Collected data entries:

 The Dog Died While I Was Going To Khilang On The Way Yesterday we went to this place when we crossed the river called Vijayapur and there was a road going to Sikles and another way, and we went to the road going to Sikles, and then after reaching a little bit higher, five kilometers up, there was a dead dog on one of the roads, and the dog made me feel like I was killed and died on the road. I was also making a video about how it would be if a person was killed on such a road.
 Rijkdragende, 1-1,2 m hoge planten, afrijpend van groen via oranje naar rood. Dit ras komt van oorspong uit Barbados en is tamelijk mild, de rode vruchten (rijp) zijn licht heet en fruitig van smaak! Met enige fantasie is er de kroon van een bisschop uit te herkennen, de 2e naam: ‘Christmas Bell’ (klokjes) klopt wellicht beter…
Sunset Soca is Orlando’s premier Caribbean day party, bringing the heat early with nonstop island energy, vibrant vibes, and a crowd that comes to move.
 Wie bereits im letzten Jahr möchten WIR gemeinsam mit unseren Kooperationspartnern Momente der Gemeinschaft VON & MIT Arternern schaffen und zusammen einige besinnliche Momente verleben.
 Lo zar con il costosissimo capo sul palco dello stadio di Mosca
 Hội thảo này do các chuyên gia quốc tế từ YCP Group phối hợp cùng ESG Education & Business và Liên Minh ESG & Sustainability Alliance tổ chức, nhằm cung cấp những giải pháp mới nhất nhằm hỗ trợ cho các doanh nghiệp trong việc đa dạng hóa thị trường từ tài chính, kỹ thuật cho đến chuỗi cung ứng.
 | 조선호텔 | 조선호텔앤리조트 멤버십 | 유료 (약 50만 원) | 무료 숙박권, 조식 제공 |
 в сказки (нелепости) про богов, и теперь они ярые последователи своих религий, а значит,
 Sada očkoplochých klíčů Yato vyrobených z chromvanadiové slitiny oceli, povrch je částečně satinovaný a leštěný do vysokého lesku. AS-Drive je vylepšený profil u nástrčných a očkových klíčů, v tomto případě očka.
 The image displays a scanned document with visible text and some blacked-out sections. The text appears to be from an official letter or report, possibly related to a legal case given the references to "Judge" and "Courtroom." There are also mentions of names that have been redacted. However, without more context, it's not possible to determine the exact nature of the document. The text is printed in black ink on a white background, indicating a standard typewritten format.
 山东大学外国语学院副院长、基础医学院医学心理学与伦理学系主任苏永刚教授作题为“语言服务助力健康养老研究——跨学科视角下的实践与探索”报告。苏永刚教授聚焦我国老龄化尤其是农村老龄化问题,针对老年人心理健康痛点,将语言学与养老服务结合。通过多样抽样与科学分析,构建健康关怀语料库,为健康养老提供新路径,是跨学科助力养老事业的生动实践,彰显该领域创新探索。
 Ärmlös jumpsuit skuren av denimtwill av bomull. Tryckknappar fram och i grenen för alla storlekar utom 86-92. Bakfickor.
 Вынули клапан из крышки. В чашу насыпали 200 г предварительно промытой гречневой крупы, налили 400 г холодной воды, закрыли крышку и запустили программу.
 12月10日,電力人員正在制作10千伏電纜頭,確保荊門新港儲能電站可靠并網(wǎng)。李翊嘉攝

● Exercise description: Using the records above, output exactly the lines from the one containing "숙박권, 조식 제공 |" through the last line, and no others.

● Response to this task:
 | 조선호텔 | 조선호텔앤리조트 멤버십 | 유료 (약 50만 원) | 무료 숙박권, 조식 제공 |
 в сказки (нелепости) про богов, и теперь они ярые последователи своих религий, а значит,
 Sada očkoplochých klíčů Yato vyrobených z chromvanadiové slitiny oceli, povrch je částečně satinovaný a leštěný do vysokého lesku. AS-Drive je vylepšený profil u nástrčných a očkových klíčů, v tomto případě očka.
 The image displays a scanned document with visible text and some blacked-out sections. The text appears to be from an official letter or report, possibly related to a legal case given the references to "Judge" and "Courtroom." There are also mentions of names that have been redacted. However, without more context, it's not possible to determine the exact nature of the document. The text is printed in black ink on a white background, indicating a standard typewritten format.
 山东大学外国语学院副院长、基础医学院医学心理学与伦理学系主任苏永刚教授作题为“语言服务助力健康养老研究——跨学科视角下的实践与探索”报告。苏永刚教授聚焦我国老龄化尤其是农村老龄化问题,针对老年人心理健康痛点,将语言学与养老服务结合。通过多样抽样与科学分析,构建健康关怀语料库,为健康养老提供新路径,是跨学科助力养老事业的生动实践,彰显该领域创新探索。
 Ärmlös jumpsuit skuren av denimtwill av bomull. Tryckknappar fram och i grenen för alla storlekar utom 86-92. Bakfickor.
 Вынули клапан из крышки. В чашу насыпали 200 г предварительно промытой гречневой крупы, налили 400 г холодной воды, закрыли крышку и запустили программу.
 12月10日,電力人員正在制作10千伏電纜頭,確保荊門新港儲能電站可靠并網(wǎng)。李翊嘉攝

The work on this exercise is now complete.